Relationship rules and referential integrity
- Databases are aware of the relationships we define and prevent users from adding or modifying data that would violate those relationships. This is referred to as referential integrity.
- Can be used in deleting records or prevent deletion.
- e.g. Delete a customer’s orders when we delete the customer
- or prevent deletion of a dish that is someone’s favorite dish.
- Can be used in deleting records or prevent deletion.
Normalization Rules
- First normal form (1NF)
- Values in each cell are atomic
- Each field has one piece of data
- Tables have no repeating groups
- No duplicate rows
- Order of rows is not important to the data
- Values in each cell are atomic
- Second normal form (2NF)
- No value in the table should depend only on part of a key that can be used to uniquely identify a row
- e.g. since BSC4452 is always called “Computational Tools for Research in Biology” a classes table should not have both a course number and course name column–we know the name, based on the course number.
- No value in the table should depend only on part of a key that can be used to uniquely identify a row
- Third normal form (3NF)
- Values should not ve stored if they can be calculated from another non-key field.
- e.g. We should not store birthdays and ages, or price, discount and discounted price–the discounted price can be determined from price and discount.
- Values should not ve stored if they can be calculated from another non-key field.
- Denormalization
- The process of intentionally breaking a rule of normalization
Creating a database
If you want to follow along with making a database in sqlite on HiPerGator, here are the commands to use. We will see right from the start that sqlite uses different commands, especially in the DDL (data definital language) portion of SQL. There are several dot commands, like .open
, .database
, .help
(a very handy one) for many commands that other databases use SQL for.

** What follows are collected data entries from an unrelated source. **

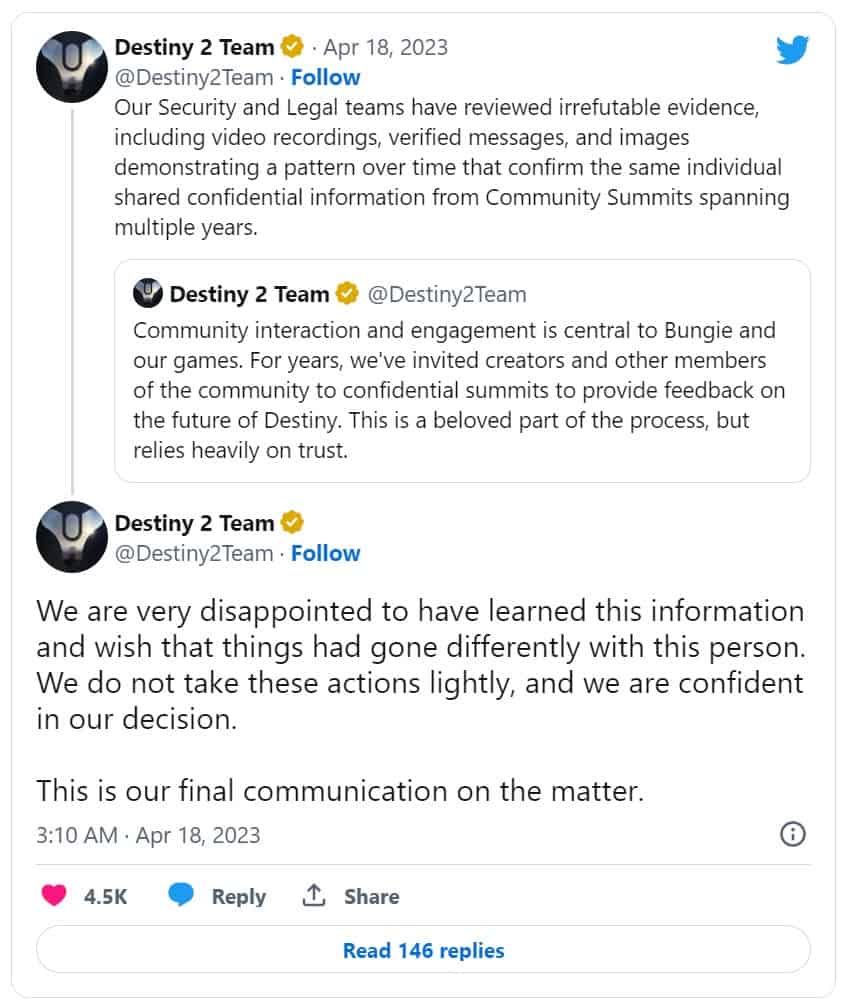 “Community interaction and engagement is central to Bungie and our games,” it tweeted. “For years, we’ve invited creators and other members of the community to confidential summits to provide feedback on the future of Destiny. This is a beloved part of the process, but relies heavily on trust. Breaches of this trust could result in our inability to hold more summits. We take these breaches extremely seriously and are taking actions to reinforce our policies with those invited to these internal meetings.”
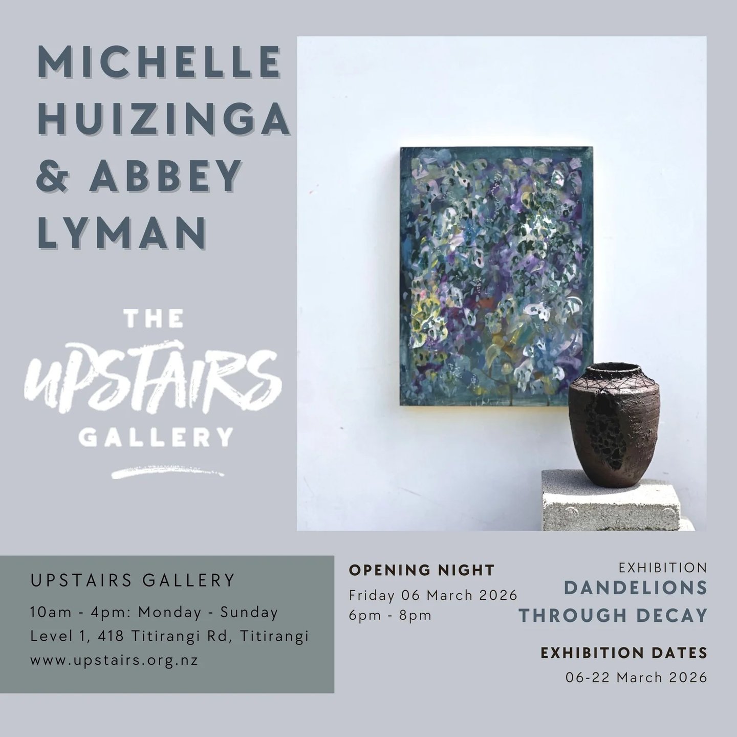 Email gallery@upstairs.org.nz with any enquiries or phone 09 817 4278
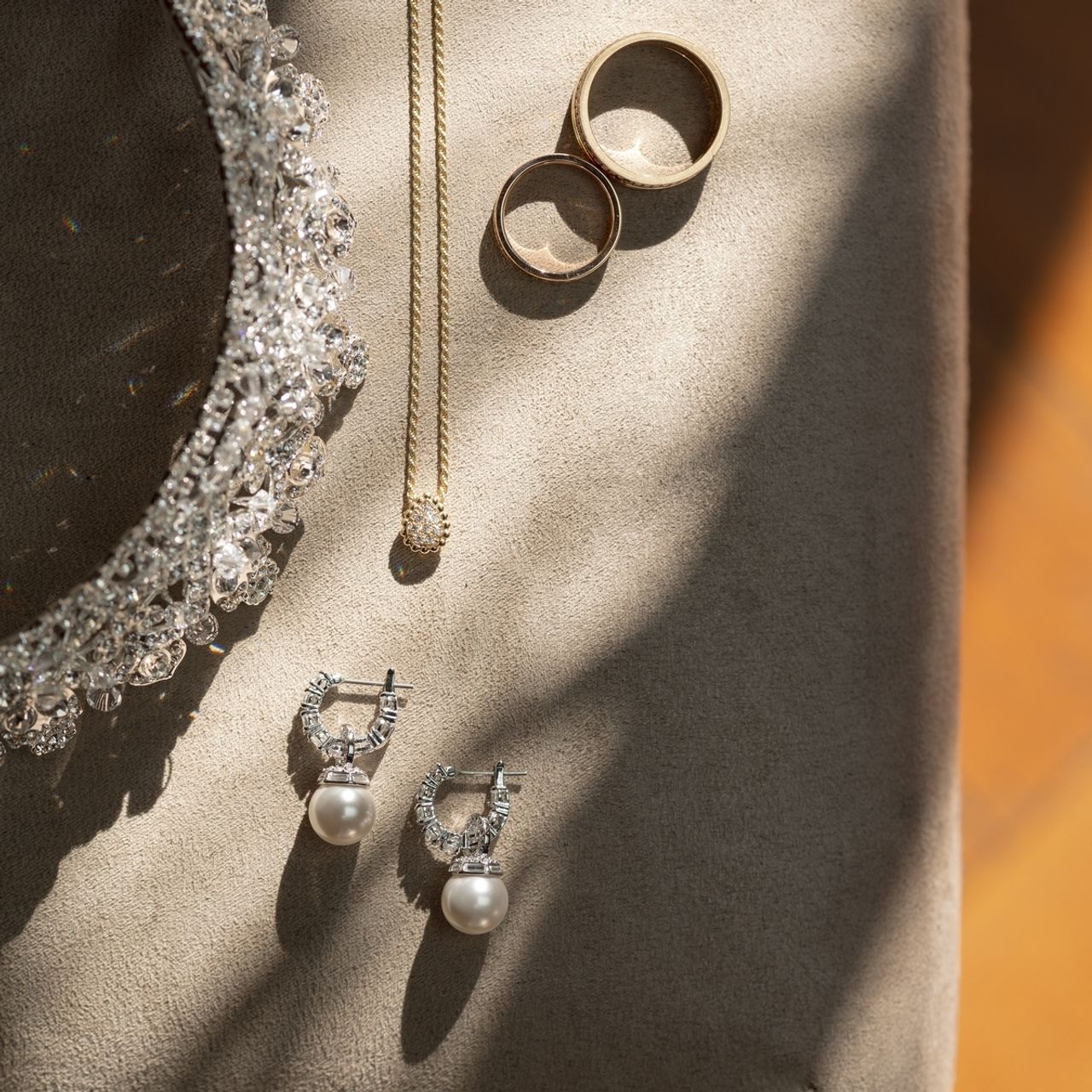 ウェディングドレスはティアラに合わせて、キラキラしたパールのシルバーピアスをSWAROVSKIで購入してつけました。
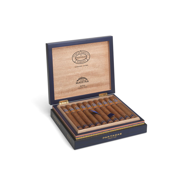 The Partagas Linea Maestra Rito exemplifies Cuban craftsmanship, offering a majestic smoke with a bold 54 ring gauge and an elegant 6⅝ » length. This medium to full-strength cigar showcases the finest leaves from the Vuelta Abajo region, with layered notes of cedar, roasted coffee, and spice. The Rito‚Äôs grand vitola and rich complexity make it a standout in the Linea Maestra collection.
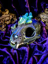 A genuine encrusted bobcat skull, professionally cleaned, hand painted with green & black crackle effect paint, embellished with green aura

First we need to load the module and open sqlite3:
module load sqlite
sqlite3
- Now in sqlite3, I can create the Restaurant database:
- Standard SQL
CREATE DATABASE Restaurant;
- sqlite:
.open Restaurant
- There isn’t a
.create
command, just open it and it is created… - The
.databases
command shows the open database
sqlite> .open Restaurant sqlite> .databases seq name file --- --------- -------------------------- 0 main /home/magitz/Restaurant sqlite>
- Standard SQL
- Now we can create the table. This is more or less standard SQL syntax, though sqlite doesn’t (and suggests against using) the AUTO_INCREMENT statement and also doesn’t need a NOT NULL on the PRIMARY KEY column. Here’s the code:
CREATE TABLE Customers (
CustomerID INTEGER PRIMARY KEY ,
FirstName TEXT NOT NULL,
LastName TEXT NOT NULL,
Email TEXT,
Address TEXT, City TEXT , State TEXT,
Phone TEXT NOT NULL,
Birthday DATE,
FavoriteDish REFERENCES Dishes(DishID_)
);
- Watch the rest of the videos, but we don’t have the database to do the queries. We will have exercises similar to this, but just watch for now and take in the ideas.
Joining tables
This section is really important for databases as it is one of the best features of databases. Don’t worry about the code used, but focus on the idea of taking information from different tables and joining that into a query result.
Modifying data
One thing that is touched on here is that there is no undo button in databases. Modifications to databases can be catastrophic when things go wrong…be careful, and for the most part, use carefully tested code to work with databases rather than typing SQL directly as the demos show.